Technical economic analysis (TEA) assesses the economic feasibility, benefits and risks of technologies through quantitative and qualitative analyses, thus providing a scientific basis for decision-making. This study mainly considers the cost of chemical consumption, which mainly includes flocculant (PAC), disinfectant (sodium hypochlorite) and other agents. Other chemicals mainly refer to hydrochloric acid and sodium hydroxide used in backwashing to adjust the pH.
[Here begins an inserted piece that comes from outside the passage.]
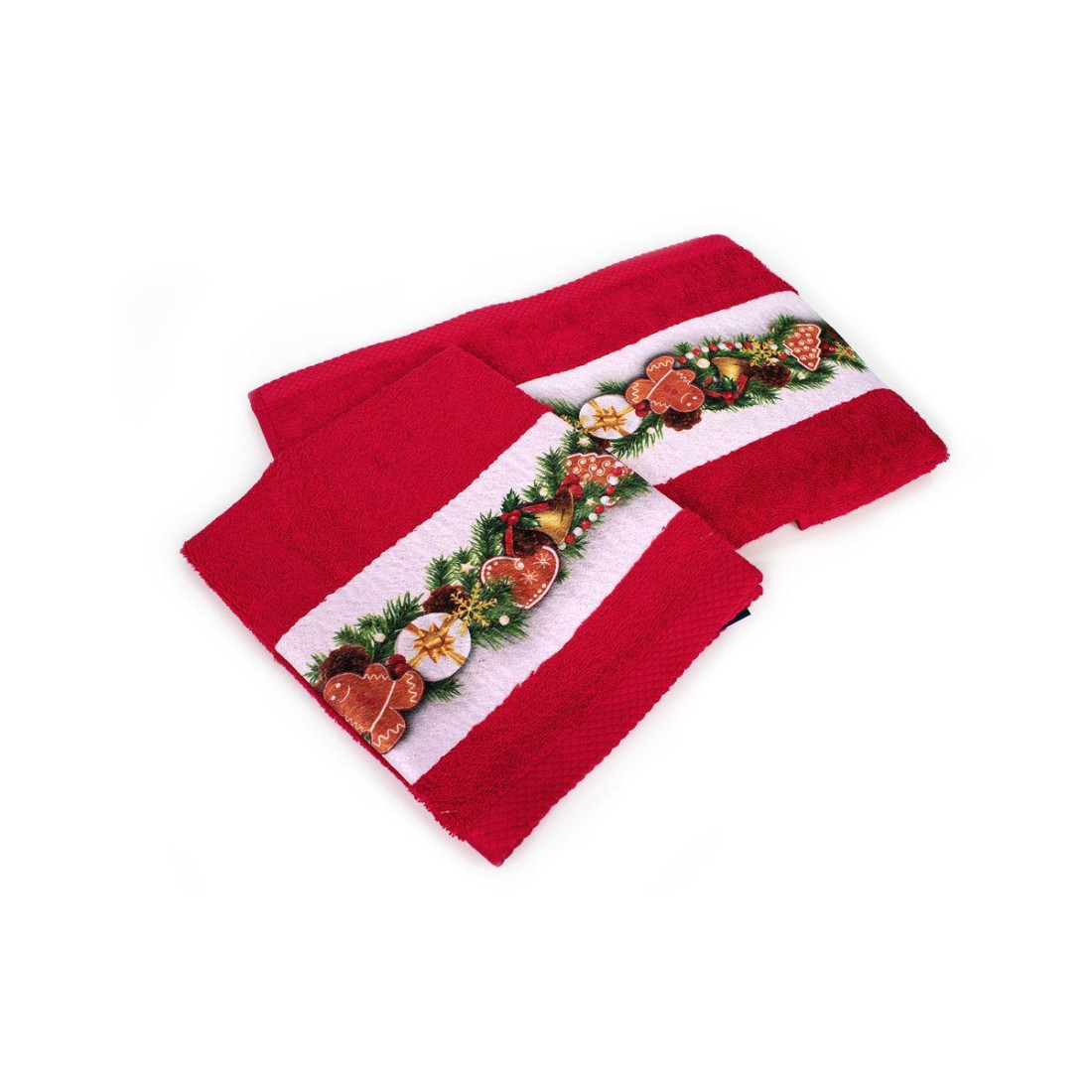 Σετ πετσέτες Χριστουγεννιάτικες 2 τεμ. σε χρώμα κόκκινο. με ανεξίτηλα χρώματα και σχέδιο με φάσα ψηφιακής εκτύπωσης που απεικονίζει γιορτινά στολίδια. ιδανικό για δώρο που περιέχει: 1 τεμ. πετσέτα χειρός. διαστάσεων 30X50 και 1 τεμ. πετσέτα προσώπου. διαστάσεων 50X90. Οι πετσέτες είναι κατασκευασμένες από 100% βαμβάκι έξτρα απαλό και απορροφητικό και είναι ελεγμένες για επιβλαβείς ουσίες με το αναγνωρισμένο παγκοσμίως πιστοποιητικό. OEKO TEX® Standard 100. Συσκευασία δώρου με γιορτινή κορδέλα.

Monte Carlo simulation is an effective numerical method for addressing uncertainty issues, offering advantages such as simplicity of implementation, strong reproducibility, and applicability to perturbation analysis of complex systems. This study introduces this method to assess the robustness of the model under data missing conditions. Specifically, for each specified missing proportion, a corresponding proportion of feature values are randomly selected from the original input data and set to 0 to simulate real-world monitoring anomalies such as sensor failures, communication interruptions, or missing data records. Subsequently, the model is run 100 times based on the disturbed data, and the error from each simulation is recorded. Through statistical analysis of the results from multiple simulations, the performance fluctuations and stability of the model under different missing data ratios can be quantified.